The set of possible goals are passed to a goal/profile likelihood estimator 206, and the basis paths and motion profiles are passed to the trajectory generator network 208. As described above, the goal/profile likelihood estimator 206 generates a set of likelihoods for the possible goals and a set of likelihoods for possible motion profiles associated with those goals using inverse planning.

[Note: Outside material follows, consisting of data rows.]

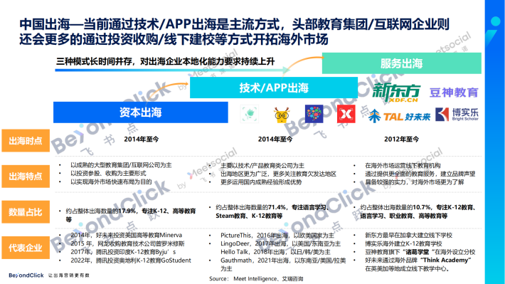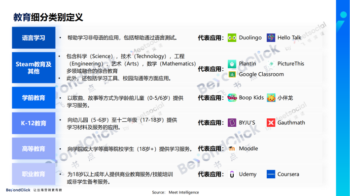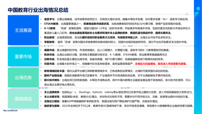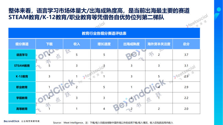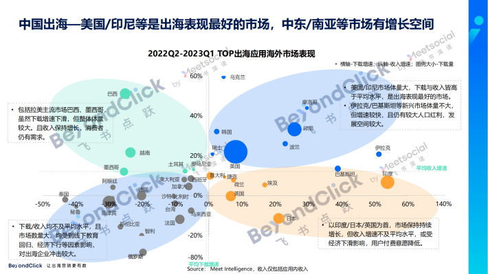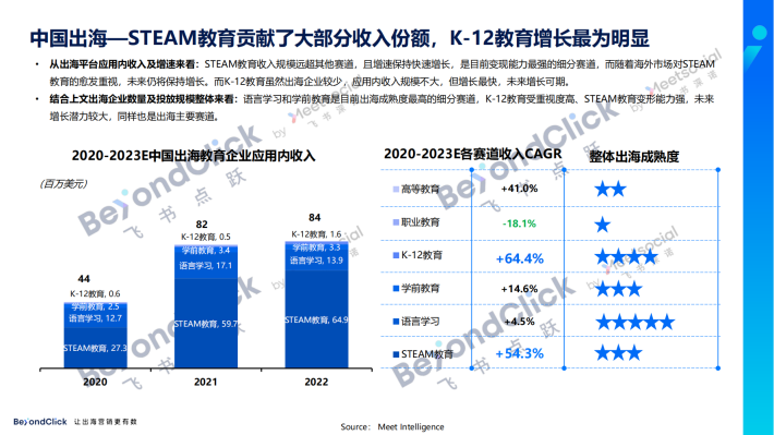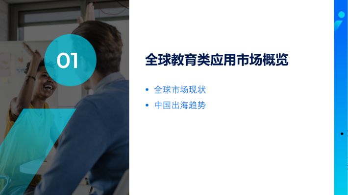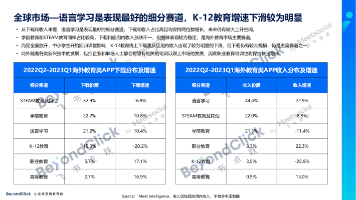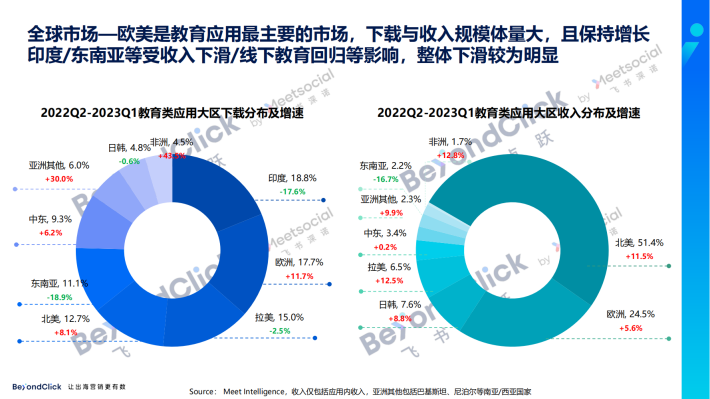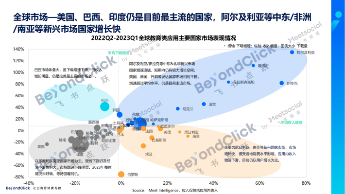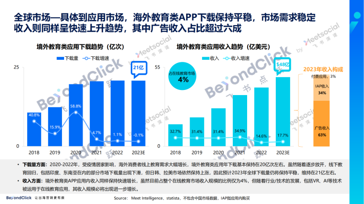 下载量方面:2020-2022年,受疫情居家影响,海外消费者线上教育需求大幅增长,境外教育类应用年下载基本保持在20亿次左右。虽然随着逐步放开,线下教育回归,包括印度、东南亚在内的部分市场下载量出现下滑,但日韩、拉美市场依然保持上涨,因此预计2023年全球下载量仍将保持平稳,维持在21亿左右。收入方面:境外教育类APP应用内收入同样保持快速增长,虽然目前占整个在线教育市场收入规模的比例仅为4%,但随着行业/技术的发展,包括VR、AI等技术被运用于在线教育应用,其收入规模必将出现进一步增长。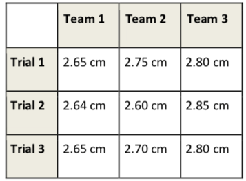 The actual length of the object was 2.20 cm. Which team, if any, had the most accurate results?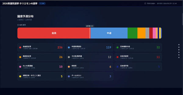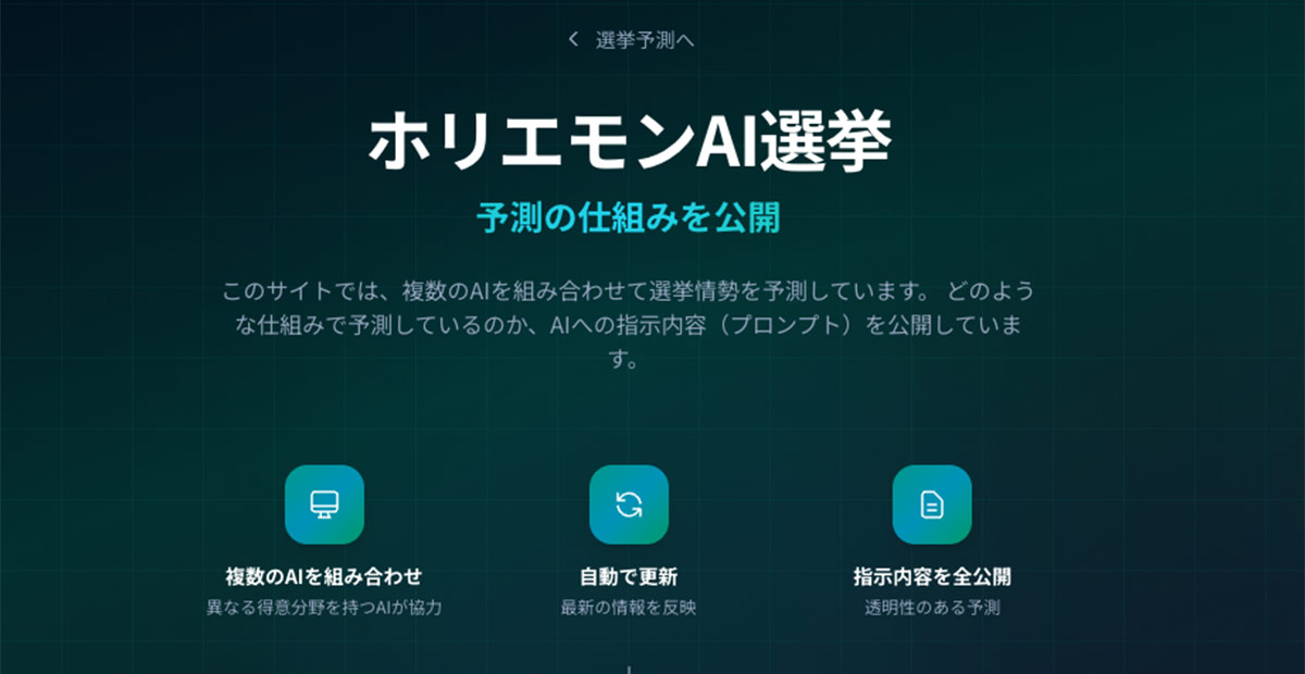 ホリエモンAI学校株式会社が公開した『ホリエモンAI選挙』は、2026年に予定されている衆議院議員総選挙に向けた予測プラットフォームです。このプロジェクトが画期的なのは、単に「誰が勝つか」を当てることではなく、予測に至るまでの思考プロセス、つまりAIへの指示内容(プロンプト)をすべて公開している点にあります。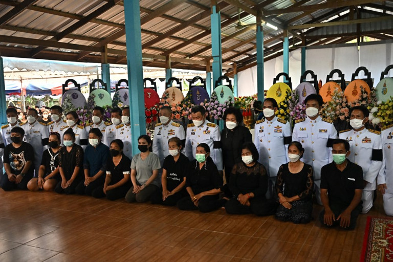 ที่วัดศรีอุทัย บ้านท่าอุทัย ต.อุทัยสวรรค์ อ.นากลาง จ.หนองบัวลำภู เมื่อวันที่ 8 ต.ค.65 พระบาทสมเด็จพระเจ้าอยู่หัว โปรดเกล้าฯ ให้ นายสุทธิพงษ์ จุลเจริญ ปลัดกระทรวงมหาดไทย เป็นผู้แทนพระองค์ อัญเชิญน้ำหลวงอาบศพ และเชิญพวงมาลาหลวง พระบาทสมเด็จพระเจ้าอยู่หัว พวงมาลา สมเด็จพระนางเจ้าสิริกิติ์ พระบรมราชินีนาถ พระบรมราชชนนีพันปีหลวง พวงมาลา สมเด็จพระนางเจ้าสุทิดา พัชรสุธาพิมลลักษณ พระบรมราชินี พระราชทานวางหน้าหีบศพผู้เสียชีวิตในพิธีบำเพ็ญกุศล จากเหตุโศกนาฏกรรมกราดยิงศูนย์ศูนย์พัฒนาเด็กเล็ก ต.อุทัยสวรรค์ จ.หนองบัวลำภู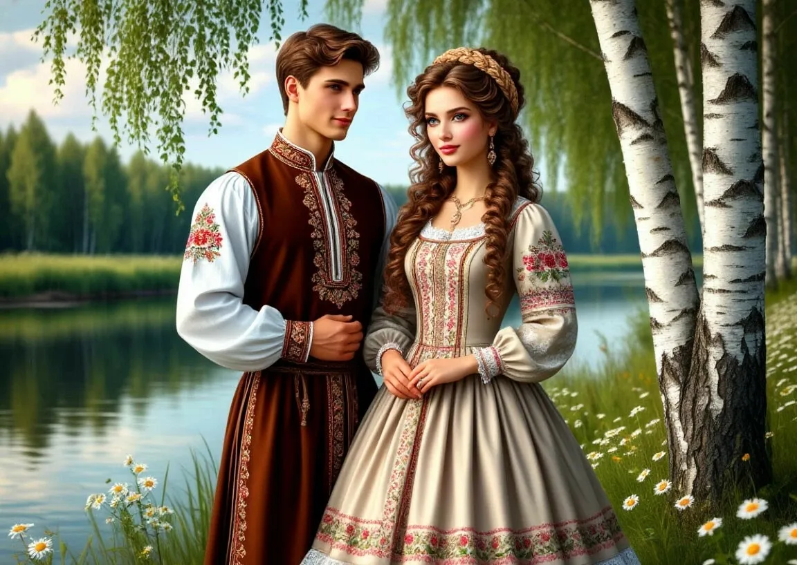 Жили-были в одном селе парень да девушка, Настя да Иван. Настя была красавицей писаной: коса русая до пояса, глаза синие, словно небо, а улыбка — как солнышко ясное. Иван же был добрым молодцем: статный, сильный, с добрым сердцем и ясным умом.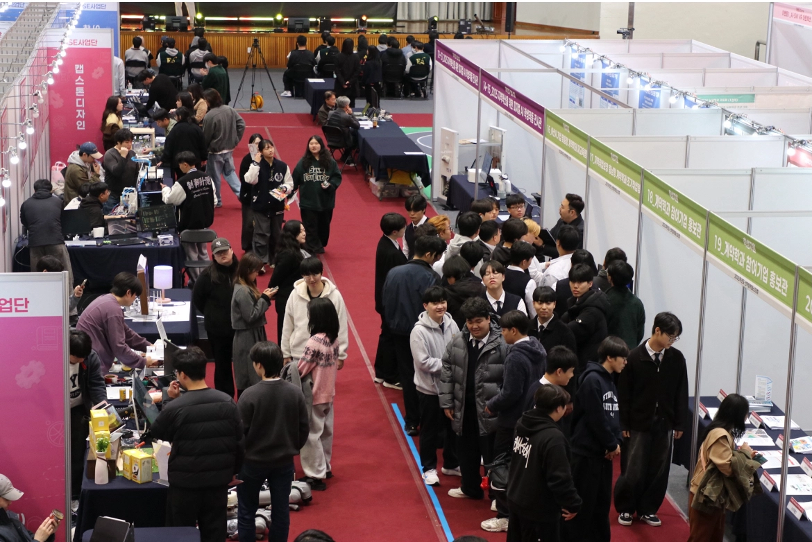 체육관에 마련된 N구역에서 학생들 캡스톤디자인 작품과 각종 프로젝트 전시, 가족기업 홍보 부스, 기술사업화 컨설팅, 자율주행 경진대회, 창업동아리 경진대회 등 산학협력 성과를 한눈에 확인했다.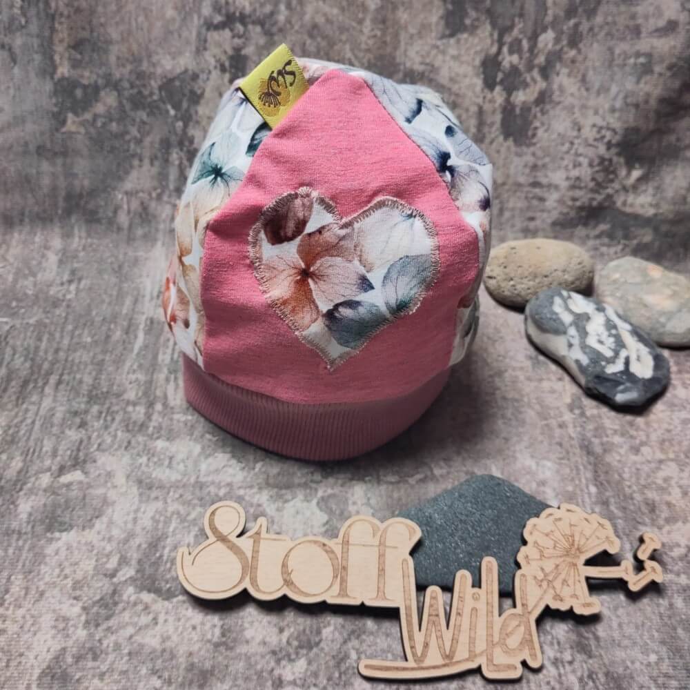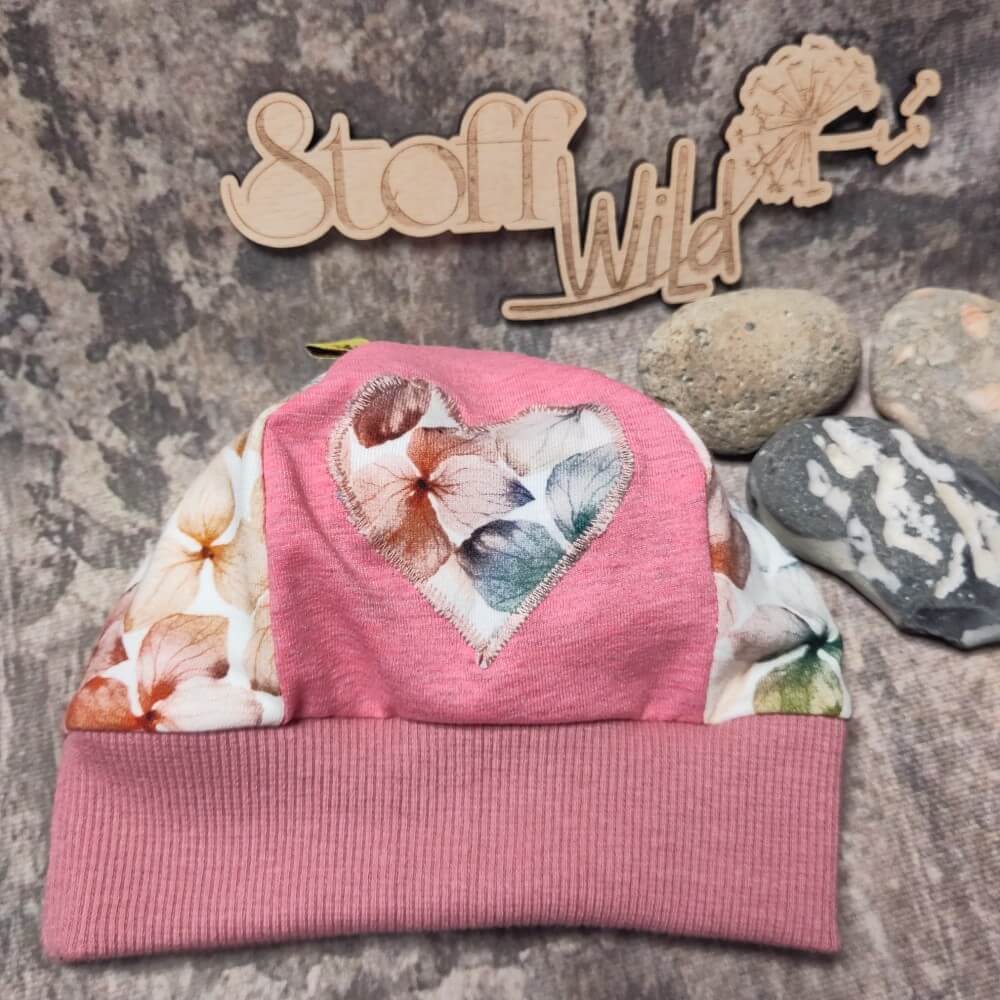 Bündchenhaube / Sommerbeanie mit Herz-Applikation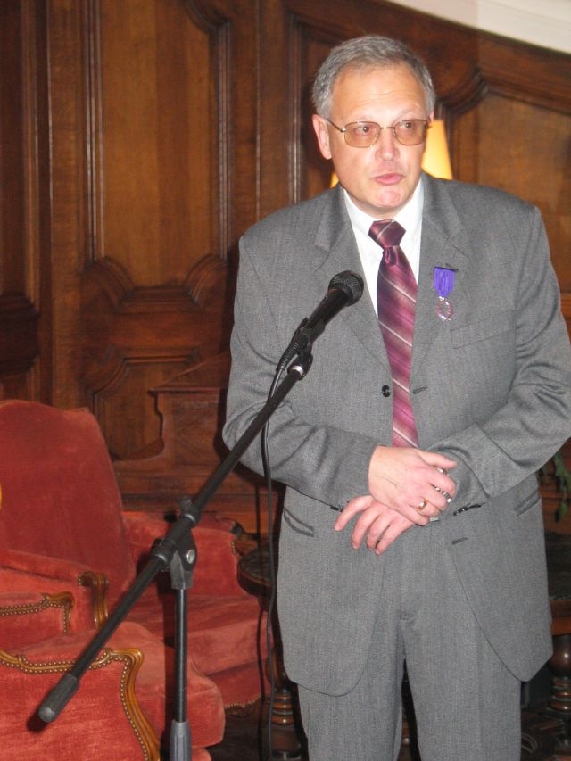 En vous décernant ces insignes des Palmes Académiques, créées par Napoléon, nous relions la tradition et la modernité, parce que le français trouve ainsi sa place dans l’ouverture de votre pays et son accession à l’Europe, parce l’originalité de votre usage de la francophonie renouvelle l’image du français. 2003 fut une année importante dans l'histoire des relations de la Bulgarie avec le monde de la Francophonie, et les filières francophones sont une des plus belles et des plus concrètes réalisations de la francophonie bulgare. L’Association, comme les filières, oeuvrent toujours pour faire du français une langue moderne, utile et professionnelle, c’est à dire une langue qui vit. Beaucoup d'entre vous nous font l'honneur de leur présence ce soir à double titre : à la fois éminents spécialistes du français et de la France mais encore membres de longue date de la section bulgare de l'AMOPA. Saluons, à cette occasion, Monsieur le Professeur Stoyan ATANASSOV, président de la section bulgare de l'AMOPA depuis toujours et récemment élu directeur du département d'études françaises de l'Université St Clément d'Ohrid de Sofia, et qui à travers ses fonctions successives est l’un de ceux qui contribue à cette modernisation que nous saluons aujourd’hui. Faisons honneur ce soir aux nouveaux chevaliers de l'Ordre des Palmes Académiques, à leur travail, à leur charisme, à leur amour du français et à leurs aspirations à moderniser leur société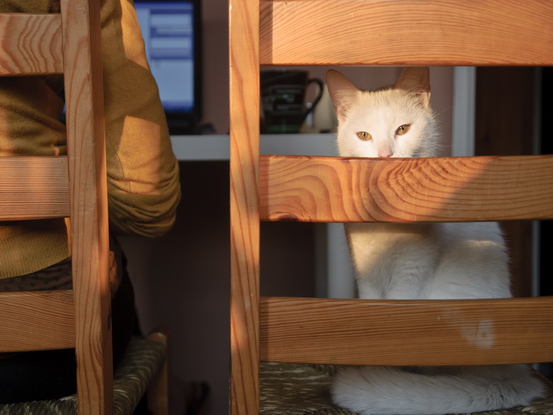 W domu opanowanym przez kota często okazuje się, że kluczowe miejsce siedzące jest już zajęte. Zachęcanie kota do zmiany lokalizacji zazwyczaj jest jałowe, więc pozostaje nam dostawić sobie krzesło albo pracować na stojąco.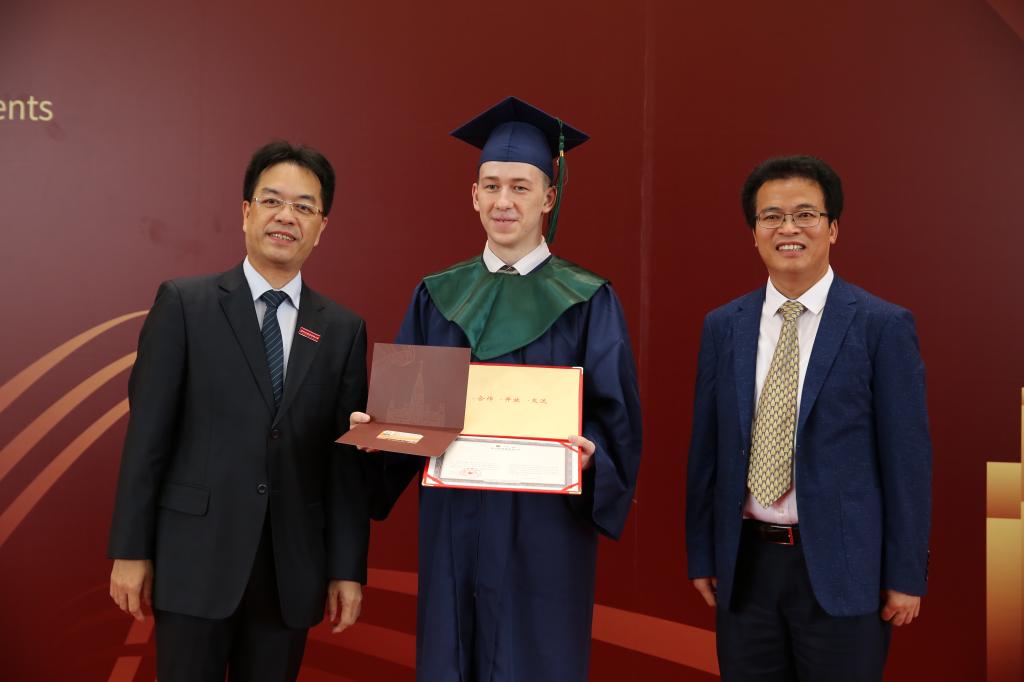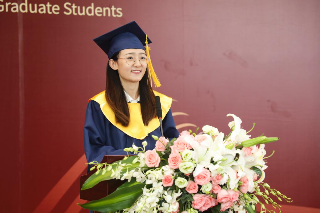 2019届硕士毕业生代表朱子薇同学代表首届硕士毕业生发言,“我想每位同学来到这所年轻的学校时都和我一样,下定决心将自己的青春、未来和理想与ac米兰官网中文网站的发展紧密联系在一起,希望谢·阿·涅多斯巴索夫老师给予我们的不仅仅是科学知识,更有人文情怀和理想。”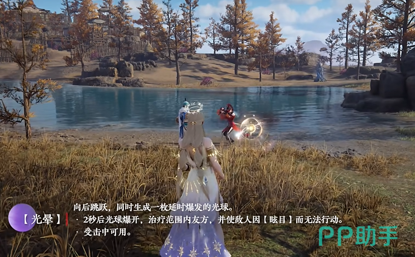 光晕是一个兼具防御与进攻的受击技能,在战斗中使用技能后会如敏捷的灵狐般向后跳跃,与此同时,一枚散发着神秘光芒的延时爆发光球悄然生成,2秒后光球轰然爆开,绽放出的光芒不仅能为范围内的友方英雄恢复生命值,技能非常实用,在后跳躲避伤害的同时,用爆开的光球打断敌人进攻节奏,为己方创造反击机会 ,光晕・瞬附在选定的目标地点生成一枚光球,光球爆炸后,同样能治疗己方队友并对敌人造成一定的控制效果,为队友回血的同时,在关键时刻爆炸眩晕敌人,帮助队友脱离危险。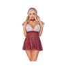 - Disfraz tipo vestido con tejido semi transparente, busto de encaje blanco y tirantes ajustables.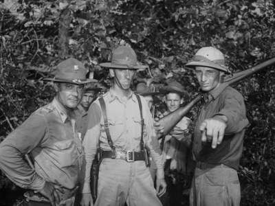 Texas National Guard maneuvers in Louisiana. "Halt, who goes there?" seems to be the command as these three members of the Thirty-sixth Division halt a newspaper correspondent and photographer. Left to right are Lieutenant T. C. Wood and Lieutenant Earl E. Turner, both of Bonham, Texas and Private D. P. Kirk of Hillsboro, Texas. All three men are seen standing with intimidating looks as Private Kirk holds a rifle and points toward the camera.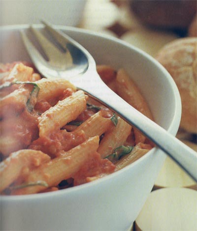 Stir cream into the vodka sauce. When sauce returns to a bubb* from heat. Toss hot pasta with sauce and basil leaves. Serve along with crusty bread.

The goal and profile likelihood estimator 204 determines the most likely goals and motion profiles for agents of the scenario, which are used to inform the trajectory generator network 208 of an appropriate weighting of the basis paths and motion profiles defining the agent's trajectory. For example, in the case where an agent's current state is beginning to move off the road, as described above, a goal is defined representing the intention of that agent to maintain its current course and continue moving away from the road, while another possible basis path may lead the agent from its current state back to the road layout, that path ending in a goal waypoint derived from the lane representation. For initial agent states further from the road layout, the goal and profile likelihood estimator assigns a higher probability to the off-road goal and a lower probability to goals wherein the agent returns to the road layout. These relative likelihoods of the respective goals are then provided as input to the trajectory generation network, which uses the relative likelihood to determine a contribution of the basis paths and motion profiles associated with the respective on-road and off-road goals to the final predicted trajectory of the agent. Therefore, although a set of basis paths are always generated from the road layout, in cases where the agent has moved off-road, the weighting determining the predicted path of the agent may be biased heavily towards the basis paths generated from the current and past states of the agent only, rather than those paths derived from the lane representation of the road layout.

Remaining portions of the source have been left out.